That political cartoon says it all.. a perfect representation for my generation. I was fortunate enough to get married, buy a house and all that junk before assuming those huge student loans. Makes it a little easier to manage, and I don't have to worry about if I'll ever have a nice home. But I do believe my pay off date on the house is going to be before the student loans are paid lol.


My generation is so #$! it's not even funny.. it's fine now that we are in our 20's and 30's .. but when we are older and have no retirement, and a tiny, tiny savings because of the huge debts we had at a younger age, coupled with a decade long depression leaving us with poor wages and little retirement savings... it's going to be a #%$ storm in a few decades.

(My economic perspective: Whenever you create substantial monetary contributions from a 3rd party source it becomes "easier" to pay, and also bill.
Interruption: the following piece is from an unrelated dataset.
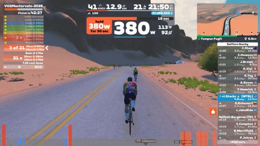 Zwift - VO2Maxtervals-2025-11-24-2x-21x-30 on Tempus Fugit in Watopia - Ouch đ„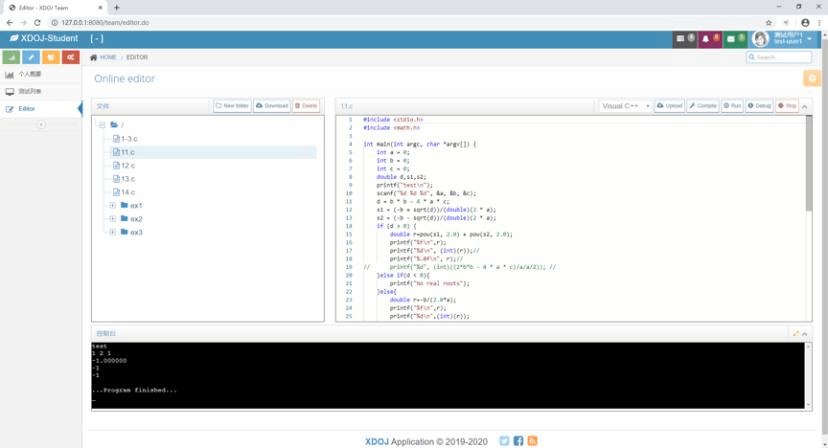 目前主要工作是优化原有功能、新增在线代码编辑器模块,包含在线编辑、编译、运行等功能。由于部分员工电脑没有安装编译软件,此举可以满足员工直接在XDOJ平台上进行编程练习的需求。针对不同机房环境对员工考试有不同的影响,新增的模块将统一编辑环境和编辑工具,未来会在2020级新生中使用。同时引入基于深度神经网络的代码分类功能,更智能地判断员工考试程序的相似度,作为后期成绩复核的依据。

This happens in EVERY industry that this happens. For instance, home prices exploded when credit was easier to attain. Why? Because it was money that didn't exist before, you sign a few papers, and you get the home. You never even see the money. Health care costs explode every year (20+% inflation) because YOU don't pay for it. The government does and insurers do.. when you go to the ER the average price for a can of coke is $5. Would you pay that in cash? Hell no .. but the insurance companies will.

Now when we paid for college in cash .. college tuition did not inflate as fast, and students did not come out with mountains of debt. But now an 18year old kid is told right away he needs to fill out FAFSA and goes through the process of loans. They don't see the money.. they don't even have to pay the monthly payments until 6months after they graduate. so it's easy to take out $100k in loans to go to school because you've never dealt with debt before. You don't see the money. You just get the education.

End student loans and tuition will plummet.
End mortgages and the natural wealth of Americans would drastically increase as homes will be priced realistically.
End health insurance and health care costs would fall dramatically.

I guess what I'm saying is usury is considered evil for a damn good reason.
edit on 3/26/2012 by Rockpuck because: (no reason given)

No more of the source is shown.